Wednesday, April 2, 2008

The Daycare Village

Daycare. That word evokes so many emotions, doesn't it? Some mothers when they hear it soften and smile, others shrink back in horror, and another group of us just remain ambivalent about it. I mean, we care. Of course we care. We send our children to daycare everyday, because we work. And we wouldn't dare leave our children someplace we didn't feel comfortable. But we don't quite know our roles as mothers of children in daycare, do we? We all know the cliché "it takes a village to raise a child," and we tend to think of our daycare centers as our own little villages, don't we?
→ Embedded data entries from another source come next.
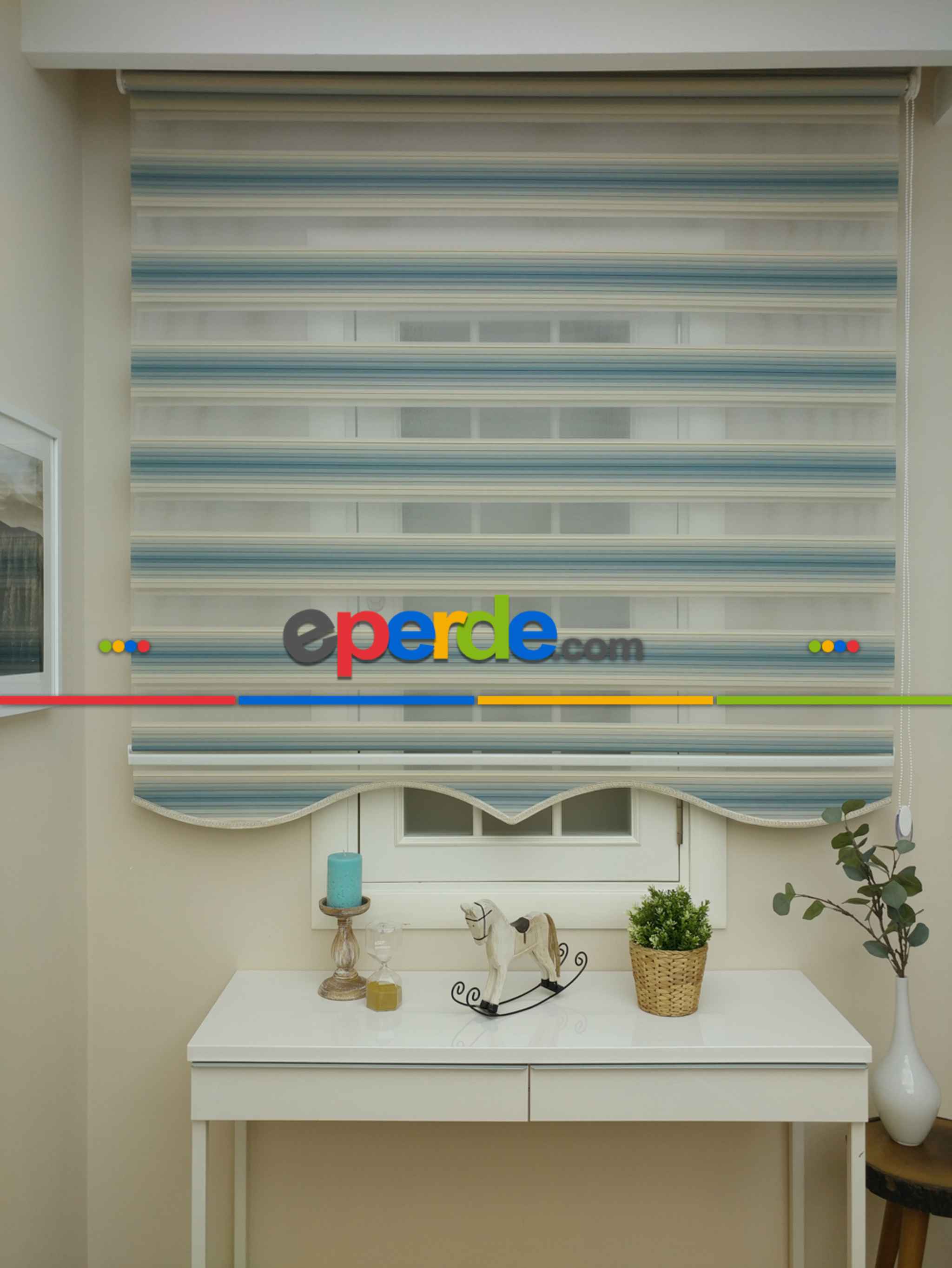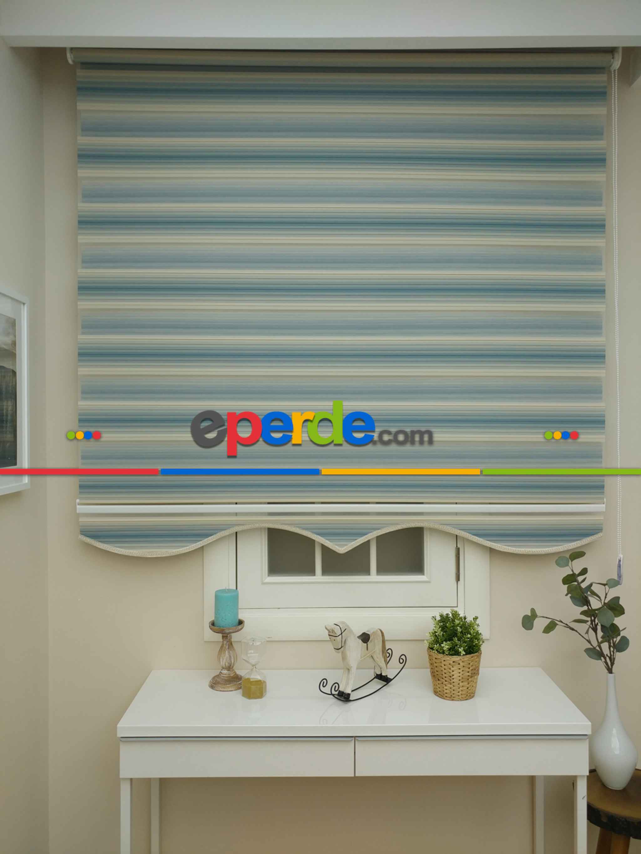 Zebra Perde - Degrade Renk Geçişli Pileli Zebra Perde- Mavi-bej-mavi Doymamış-mavi Grimsi Ürün Açıklaması
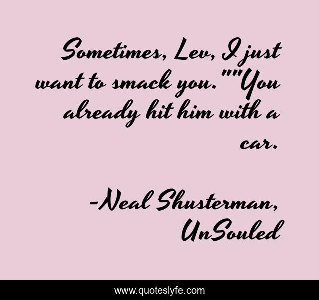 "Neal Shusterman, UnSouled Quotes." Quoteslyfe.com, 2025. Fri. 05 Dec. 2025. <https://www.quoteslyfe.com/quote/Sometimes-Lev-I-just-want-to-smack-153446>.
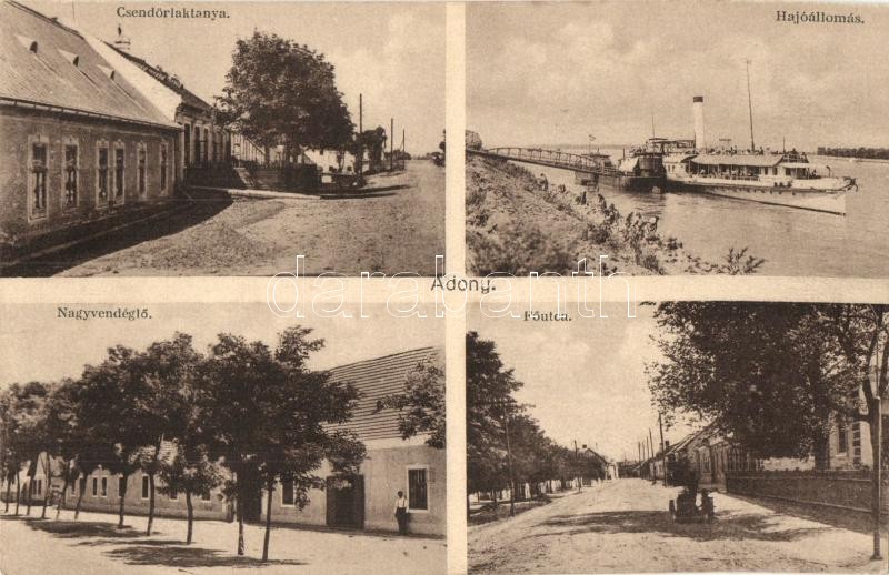 Adony, Csendőr laktanya, Hajóállomás, gőzhajó, Nagyvendéglő, étterem, ... https://www.darabanth.com/de/322-Fernauktion/322.0/Ansichtskarten/Ungarn~2000006/Adony-Csendor-laktanya-Hajoallomas-gozhajo-Nagyvendeglo-etterem-Fo-utca-Raboczky-A~II1787222
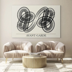 Cuadro sobre vidrio - Impresiones sobre Vidrio - Bucles y líneas vanguardistas negras sobre un fondo claro - 70x50cm - Salió espontáneamente - Decoración de pared moderna para salón y dormitorio ARTTOR
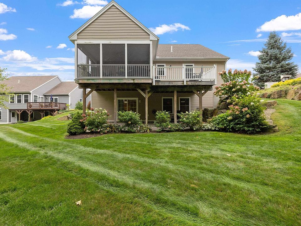 Beautiful Stone Sled Farm 55+ condo just reduced $15,000!. Nicely sited for privacy, this home features seasonal views, a large screen porch & exposed deck with composite decking, gorgeous landscaping and finished walkout lower level. Enjoy 1500+ feet of one level living and an additional 1200+ square feet of finished space in the walkout lower level. Kitchen updates include granite counters and new appliances, and custom built-ins in the cozy living room with gas fireplace. The HOA fee covers the roof, landscape, snow removal, trash and septic. Enjoy maintenance free living in this private community with mountain views and walking trails. Shown by appointment only.
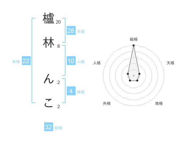 櫨林 んこさんの総格は32画の5点!
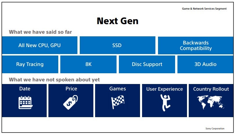 What we don't know Sony highlighted on another slide: the date, the price, the user experience, and release plans. We also don't really know the name - though it seems fair to assume it will indeed be the PlayStation 5. Sony is skipping E3, but hopefully we find out more soon.
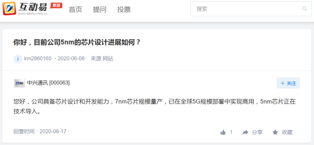 6月17日,中兴通讯在深交所互动易平台上回复投资者提问时再度表示,7nm芯片已在全球5G规模部署中实现商用,5nm芯片正在技术导入。
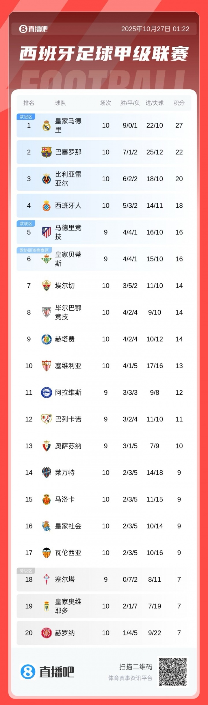 皇马27分领跑积分榜,卓绝巴萨5分。
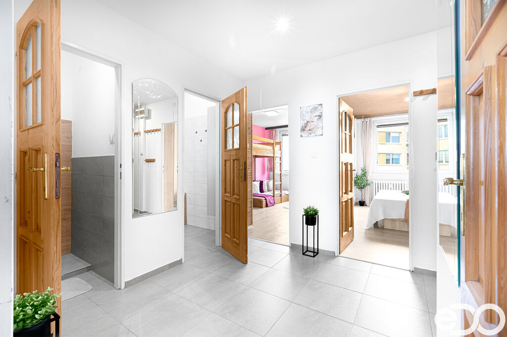 Velmi rád bych vám v zastoupení majitele nabídl k prodeji bytovou jednotku s jedinečným a neopakovatelným výhledem na Prahu o dispozici 3+kk a celkové ploše 76 m2, která se nachází ve 4. patře bez výtahu revitalizovaného panelového domu v ulici Libišská s jedinečným výhledem na Prahu. Jednotka prošla před pár lety rozsáhlou rekonstrukcí vč. koupelny, podlah a rozvodů. Nabízí dvě neprůchozí ložnice, koupelnu s vanou a pračkou, samostatnou toaletu a komoru v chodbě. Prostorný obývací pokoj je spojen s kuchyní, která je vybavena kompletně spotřebiči, nábytek na fotografiích je součástí jednotky, jež se pronajímá vybavená. Vytápění je dálkové, podlahy, plovoucí + dlažba, okna na dvě světové strany.

We spent countless hours researching all the daycare centers. We rated them, got recommendations, decided on our "village," and in the first few weeks would spend extra time in the mornings making sure everything was okay. And then routine set in. A few months pass. We see new faces, and miss old ones, we get cute handprint pictures, and macaroni necklaces, but we don't have the time to stop and get involved. Most of us drop off our little ones in the morning and pick them up at night. We spend maybe a combined total of one hour a week in the place that our children spend more than forty. What do we really know about what they do all day? Well, along with being a working mom I'm also a pretty neurotic mom (really, who isn't?). While I felt comfortable with my daycare, I felt uncomfortable with the fact that I was comfortable about a place I spend no time. (Confusing sentence, I know, but confusing concepts deserve confusing sentences.)

So I decided to become really involved in my daycare. I made it my mission to really know the center inside and out. I carved out time in my schedule (who needs to exercise, anyway) and started my mission. I've spent weekends, weeknights, and some sick days (cough, cough) up at the center working on projects and carnivals and other such stuff. I got to know the staff on a personal level, and I found out what I needed to know: They love my little boy just as much as I do. Well, okay, not really, but enough so that I am now comfortable with the fact that I am comfortable.

Believe it or not, it's all about you, not your child. Shocking and unfair, I know, but these people know kids are kids. They are in their jobs because of their love of kids. They forgive kids, they teach them, nurture them, love them. But those same feelings don't automatically extend to the parents. The parents have to earn it. Here are some tips I've learned that will help smooth the way in your little village.

  • Get to know your children's teachers. Sounds simple, I know. And I bet you think you already do. So let me ask you, what are their last names? Their spouse's names? Children? Where do they live? How long have they been doing this? What's the last movie they saw?
  • Spend more time at the daycare. I know, I know, what time? Well, let's start with 5 extra minutes in the morning, and 5 extra minutes in the evening. 10 minutes a day. Not even an extra hour a week. Change up how you spend this time. One day, stay with your child in the room and chat with teachers, another day wander up and down the halls looking at the artwork or observing other rooms. Become a familiar face.

  • Bribe them with goodies. Bribe may be a bad word choice these days, but it's oh, so necessary here. Bake some chocolate chip cookies (or as I do, slice and bake, all the way), whip up some rice krispie treats, bring in a dozen donuts. Anything like that. They will love you for it. And even better if you have your children hand them over. Oh, the precious moment! It works like a charm. And then of course, wave away all praise with a flippant, "Oh, it's nothing. Just a little pick-me-up for all you do."

  • Become friends with the administrative staff. Don't just waltz right by each day. These people know everything. From the front desk person to the director, they keep the center running smoothly and rarely get much recognition for it. Remember them on teacher appreciation days, holidays, etc. 5.

  • Start a Parent-Teacher Association. Really, I'm serious. We now have one that meets once a month and we plan activities for the center, holiday parties for the staff, and discuss real stuff, such as curriculum, etc. I've made some good friends this way, and some real changes in the way the center is operated.

When I started this little mission a few years ago, I couldn't possibly have imagined that I would become so involved. But I'm glad I did. I feel more connected to my child. Which at the end of day, is what it's really about. It does take a village to raise a child, but it takes people to run that village, too. Become one of those people. You won't regret it.